Dataset excerpts
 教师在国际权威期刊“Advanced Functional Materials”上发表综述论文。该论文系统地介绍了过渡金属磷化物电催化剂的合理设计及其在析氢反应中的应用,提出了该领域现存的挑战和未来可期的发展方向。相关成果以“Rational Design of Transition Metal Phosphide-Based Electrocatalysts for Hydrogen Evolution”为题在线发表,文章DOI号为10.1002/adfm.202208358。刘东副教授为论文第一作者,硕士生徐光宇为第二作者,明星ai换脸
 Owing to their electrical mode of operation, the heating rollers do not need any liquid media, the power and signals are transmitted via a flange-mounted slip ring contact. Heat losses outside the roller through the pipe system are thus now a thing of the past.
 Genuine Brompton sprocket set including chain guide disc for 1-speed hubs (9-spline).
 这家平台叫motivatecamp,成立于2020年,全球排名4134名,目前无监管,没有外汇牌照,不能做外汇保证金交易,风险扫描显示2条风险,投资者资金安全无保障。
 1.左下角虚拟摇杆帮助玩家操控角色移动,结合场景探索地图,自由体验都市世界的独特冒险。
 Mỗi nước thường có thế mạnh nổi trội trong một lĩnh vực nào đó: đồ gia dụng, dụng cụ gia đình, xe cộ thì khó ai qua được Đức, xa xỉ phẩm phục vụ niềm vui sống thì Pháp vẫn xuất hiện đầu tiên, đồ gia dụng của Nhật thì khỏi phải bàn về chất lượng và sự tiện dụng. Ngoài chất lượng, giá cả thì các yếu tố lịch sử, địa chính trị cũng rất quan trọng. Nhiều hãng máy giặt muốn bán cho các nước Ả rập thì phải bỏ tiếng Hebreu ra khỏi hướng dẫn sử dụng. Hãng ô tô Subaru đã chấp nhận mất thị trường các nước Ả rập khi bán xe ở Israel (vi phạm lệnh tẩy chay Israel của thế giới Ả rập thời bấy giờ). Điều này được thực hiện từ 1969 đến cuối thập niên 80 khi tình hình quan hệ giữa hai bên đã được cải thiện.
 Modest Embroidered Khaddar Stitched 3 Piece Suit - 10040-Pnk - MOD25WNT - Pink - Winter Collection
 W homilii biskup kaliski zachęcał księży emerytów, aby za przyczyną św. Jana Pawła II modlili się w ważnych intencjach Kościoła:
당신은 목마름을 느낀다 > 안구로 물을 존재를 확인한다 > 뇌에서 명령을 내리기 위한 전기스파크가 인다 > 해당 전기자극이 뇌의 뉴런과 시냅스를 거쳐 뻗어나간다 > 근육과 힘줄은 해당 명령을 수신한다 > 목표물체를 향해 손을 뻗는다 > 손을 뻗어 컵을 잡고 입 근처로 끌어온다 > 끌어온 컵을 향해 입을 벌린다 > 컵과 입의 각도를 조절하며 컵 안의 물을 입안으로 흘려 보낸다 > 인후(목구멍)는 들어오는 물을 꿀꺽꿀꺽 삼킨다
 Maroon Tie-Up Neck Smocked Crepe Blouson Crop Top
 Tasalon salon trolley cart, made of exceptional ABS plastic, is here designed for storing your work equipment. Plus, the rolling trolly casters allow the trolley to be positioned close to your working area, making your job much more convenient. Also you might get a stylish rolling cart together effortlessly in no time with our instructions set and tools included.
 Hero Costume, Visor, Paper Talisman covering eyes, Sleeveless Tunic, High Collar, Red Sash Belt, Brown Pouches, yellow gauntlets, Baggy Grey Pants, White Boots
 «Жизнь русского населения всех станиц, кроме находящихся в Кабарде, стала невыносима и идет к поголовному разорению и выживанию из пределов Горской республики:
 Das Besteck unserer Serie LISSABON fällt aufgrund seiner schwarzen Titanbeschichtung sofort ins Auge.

- [What to produce]
The lines above from the one with "Owing to their" through the one with "Maroon Tie-Up Neck" are to be duplicated exactly, ends included, with nothing added.

- [Solution to this problem]
 Owing to their electrical mode of operation, the heating rollers do not need any liquid media, the power and signals are transmitted via a flange-mounted slip ring contact. Heat losses outside the roller through the pipe system are thus now a thing of the past.
 Genuine Brompton sprocket set including chain guide disc for 1-speed hubs (9-spline).
 这家平台叫motivatecamp,成立于2020年,全球排名4134名,目前无监管,没有外汇牌照,不能做外汇保证金交易,风险扫描显示2条风险,投资者资金安全无保障。
 1.左下角虚拟摇杆帮助玩家操控角色移动,结合场景探索地图,自由体验都市世界的独特冒险。
 Mỗi nước thường có thế mạnh nổi trội trong một lĩnh vực nào đó: đồ gia dụng, dụng cụ gia đình, xe cộ thì khó ai qua được Đức, xa xỉ phẩm phục vụ niềm vui sống thì Pháp vẫn xuất hiện đầu tiên, đồ gia dụng của Nhật thì khỏi phải bàn về chất lượng và sự tiện dụng. Ngoài chất lượng, giá cả thì các yếu tố lịch sử, địa chính trị cũng rất quan trọng. Nhiều hãng máy giặt muốn bán cho các nước Ả rập thì phải bỏ tiếng Hebreu ra khỏi hướng dẫn sử dụng. Hãng ô tô Subaru đã chấp nhận mất thị trường các nước Ả rập khi bán xe ở Israel (vi phạm lệnh tẩy chay Israel của thế giới Ả rập thời bấy giờ). Điều này được thực hiện từ 1969 đến cuối thập niên 80 khi tình hình quan hệ giữa hai bên đã được cải thiện.
 Modest Embroidered Khaddar Stitched 3 Piece Suit - 10040-Pnk - MOD25WNT - Pink - Winter Collection
 W homilii biskup kaliski zachęcał księży emerytów, aby za przyczyną św. Jana Pawła II modlili się w ważnych intencjach Kościoła:
당신은 목마름을 느낀다 > 안구로 물을 존재를 확인한다 > 뇌에서 명령을 내리기 위한 전기스파크가 인다 > 해당 전기자극이 뇌의 뉴런과 시냅스를 거쳐 뻗어나간다 > 근육과 힘줄은 해당 명령을 수신한다 > 목표물체를 향해 손을 뻗는다 > 손을 뻗어 컵을 잡고 입 근처로 끌어온다 > 끌어온 컵을 향해 입을 벌린다 > 컵과 입의 각도를 조절하며 컵 안의 물을 입안으로 흘려 보낸다 > 인후(목구멍)는 들어오는 물을 꿀꺽꿀꺽 삼킨다
 Maroon Tie-Up Neck Smocked Crepe Blouson Crop Top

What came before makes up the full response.